Bonus: Create visualisation
From our Python environment, we can also create a quick visualisation using Plotly:
# Define the ranges for each AQI category
aqi_bounds = [0, 51, 101, 151, 201, 301, 500]
# Define the names of each AQI category
aqi_categories = [
"Good",
"Moderate",
"Unhealthy for Sensitive Groups",
"Unhealthy",
"Very Unhealthy",
"Hazardous",
"Very Hazardous"
]
# Define the colours for each AQI category
aqi_colors = [
[0.0, "green" ],
[0.1, "green" ],
[0.102, "yellow"],
[0.2, "yellow"],
[0.202, "orange"],
[0.3, "orange"],
[0.302, "red" ],
[0.4, "red" ],
[0.402, "purple"],
[0.6, "purple"],
[0.602, "maroon"],
[1.0, "maroon"]
]
# Define the tick values and labels for the colorbar
tickvals = [(aqi_bounds[i] + aqi_bounds[i + 1]) / 2 for i in range(len(aqi_bounds)-1)]
ticktext = aqi_categories[:-1]
# Create a new figure object with a heatmap trace
fig = go.Figure(data = go.Heatmap(
x = aqi_df["date"].to_numpy(),
y = aqi_df["site"],
z = aqi_df["aqi"],
colorscale = aqi_colors,
zmin = aqi_bounds[0],
zmax = aqi_bounds[-1],
colorbar = dict(title = "Air Quality Index",
tickmode = "array",
ticktext = ticktext,
tickvals = tickvals
)
)
)
# Customise the layout of the figure
fig.update_layout(
xaxis_title = "Date",
yaxis_title = "Location",
title = "Air Quality Index by Location and Date",
width = 700,
height = 600,
yaxis = dict(tickangle = -90)
)
# Show the figure
fig.show()
This produces the heatmap shown in Figure 1.

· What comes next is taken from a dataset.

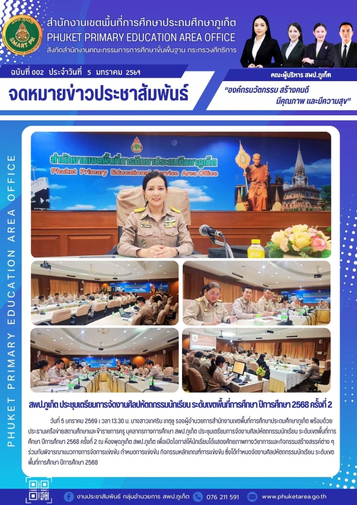 วันที่ 5 มกราคม 2569 เ วลา 13.30 น. นางสาวเกศริน เกตุชู รองผู้อำนวยการสำนักงานเขตพื้นที่การศึกษาประถมศึกษาภูเก็ต พร้อมด้วยประธานเครือข่ายสถานศึกษาและข้าราชการครู บุคลากรทางการศึกษา สพป.ภูเก็ต ประชุมเตรียมการจัดงานศิลปหัตถกรรมนักเรียน ระดับเขตพื้นที่การศึกษา ปีการศึกษา 2568 ครั้งที่ 2 ณ ห้องพุดภูเก็ต สพป.ภูเก็ต เพื่อเปิดโอกาสให้นักเรียนได้แสดงศักยภาพทางวิชาการและกิจกรรมสร้างสรรค์ต่าง ๆ ร่วมกันพิจารณาแนวทางการจัดการแข่งขัน กำหนดการแข่งขัน กิจกรรมหลักเกณฑ์การแข่งขัน ซึ่งได้กำหนดจัดงานศิลปหัตถกรรมนักเรียน ระดับเขตพื้นที่การศึกษา ปีการศึกษา 2568

The overall quality of air throughout 2022 was Good. The next steps would be to drill down and further analyse the data, check the data for the other polluting gases, and so on. We could also make the heatmap more interesting by adding additional weather data.
Summary
In this short article, we have quickly analysed some air quality data from Defra in the UK, using the US EPA algorithm with data for particulates (PM10 and PM2.5). However, we note that many countries use different algorithms to calculate their AQI, although the approach described in this article could be easily adapted for other countries.